Come i non donatori percepiscono e si relazionano alla donazione del sangue
  • Mauro Turrini
  • Andrea LorenzetEmail author
  • Gloria Pravatà

Riassunto

Il sangue costituisce per la medicina contemporanea un supporto indispensabile che, almeno all’interno dei confini dei Paesi a tecnologia avanzata, viene raccolto quasi esclusivamente su base volontaria e gratuita1. Resa possibile all’inizio del Novecento grazie a scoperte scientifiche e sospinta da esigenze sanitarie, la donazione di sangue si afferma storicamente a livello di massa anche grazie al suo profondo significato simbolico. Il “donare una parte di sé” attiva canali di comunicazione biologici e sociali, “irrorando” fisicamente e, al contempo, simbolicamente l’intero corpo sociale e rafforzandone così non solo la condizione generale di salute, ma anche la coesione morale e il senso di appartenenza.
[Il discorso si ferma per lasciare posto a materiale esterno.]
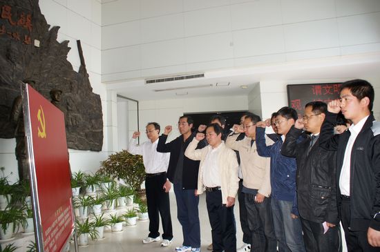 活动中,党员们先后参观了苏南抗战胜利纪念碑和新四军江南指挥部展览馆,一幅幅照片,一件件文物,再现了新四军英勇战斗的场面。同仇敌忾,浴血奋战,革命先烈那种对党的忠诚执着,面对敌人大无畏的革命精神,深深感动在场的每一名党员。之后,在革命功臣塑像面前,面对着党旗,教职工党员重温了入党誓词。张炳生书记希望广大教职工党员要按照“先进在岗位、优秀在业绩”的总体要求,继承革命先烈的优良传统,努力践行先锋模范作用,在教学、科研和管理岗位上体现党员的先进性,以优异的成绩迎接党的十八大的召开。
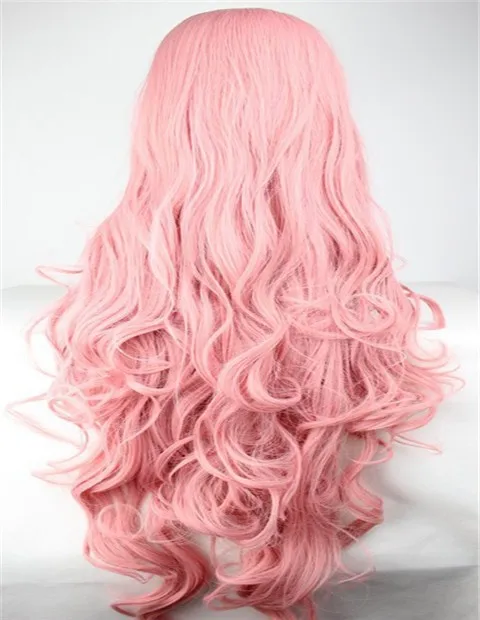 Pink Wavy Curly Heat Resistant Synthetic Wig Long Kinky Style
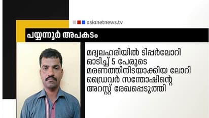 പയ്യന്നൂര് കുന്നരുവില് മദ്യലഹരിയില് ടിപ്പര്ലോറി ഓടിച്ച് അഞ്ചു പേരുടെ മരണത്തിനിടയാക്കിയ ലോറി ഡ്രൈവര് സന്തോഷിന്റെ അറസ്റ്റു രേഖപ്പെടുത്തി. ഇയാള്ക്കെതിരെ ഇന്ത്യന് ശിക്ഷാ നിയമം 304ഉം 308ഉം ചുമത്തി കുറ്റകരമായ നരഹത്യക്കും കേസെടുത്തിട്ടുണ്ട്. ഇയാളെ ഇന്ന് തന്നെ കോടതിയില് ഹാജരാക്കും. അതേസമയം ഗുരുതരമായി പരിക്കേറ്റവരില് ശ്രീജിത് എന്നയാളെ മംഗലാപുരത്തെ ആശുപത്രിയിലേക്ക് മാറ്റി. കഴിഞ്ഞ ദിവസം മരിച്ച മൂന്നുവയസ്സുകാരി ആരാധ്യയുടെ അച്ഛനാണ് ശ്രീജിത്ത്. ശ്രീജിതിന്റെ ഭാര്യ ആശയും പരുക്കേറ്റ് ചികിത്സയിലാണ്. അപകടത്തില് മരണപ്പെട്ടവരുടെ പോസ്റ്റ്മോര്ട്ടം നടപടികള് പുരോഗമിക്കുകയാണ്.
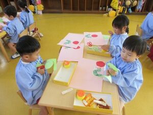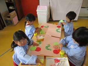 今日は、あおむしさんが食べる梨をはさみを使って作ったよ✂
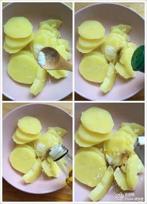 煮熟的土豆片家少许盐、胡椒粉、亚麻籽油压泥拌匀。
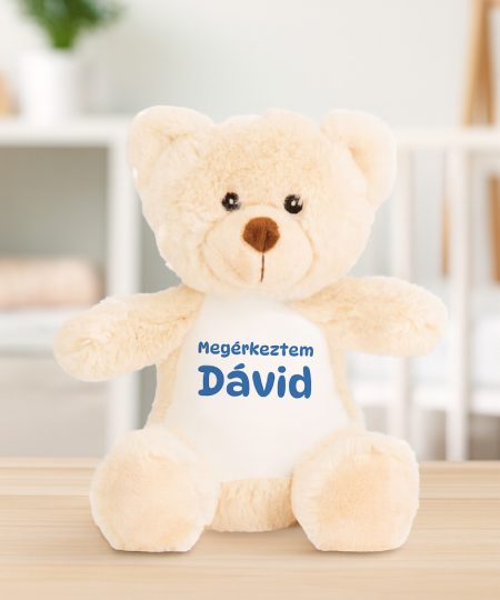 Plüss maci, névvel, születési adatokkal, választható színű szöveggel

Negli anni ’20 e ’30 si costituiscono le prime organizzazioni di donatori volontari non retribuiti in molti Paesi, tra cui l’Italia, in cui nel 1927 viene fondata l’AVIS, Associazione Volontari Italiani Sangue. Il sistema di raccolta del sangue gratuito e volontario, tuttavia, convive a lungo con quello retribuito. Diffusosi in occasione e in seguito al secondo conflitto mondiale, quando “il dono del sangue viene associato ai valori della democrazia e dell’antifascismo” (Starr, 1998), tale pratica oblativa s’impone negli anni ’70 quale gold standard nella raccolta del sangue decretata con la risoluzione 28.72 dell’Organizzazione Mondiale della Sanità del 1975. In particolare, nel Regno Unito la donazione volontaria e gratuita vede il maggiore sviluppo grazie a un’intensa riflessione sul suo significato sociale e a un determinante appoggio politico fin dagli ’30, quando in vari ospedali di Londra sono attive le prime banche del sangue che introducono il principio dell’anonimato nella gestione del sangue.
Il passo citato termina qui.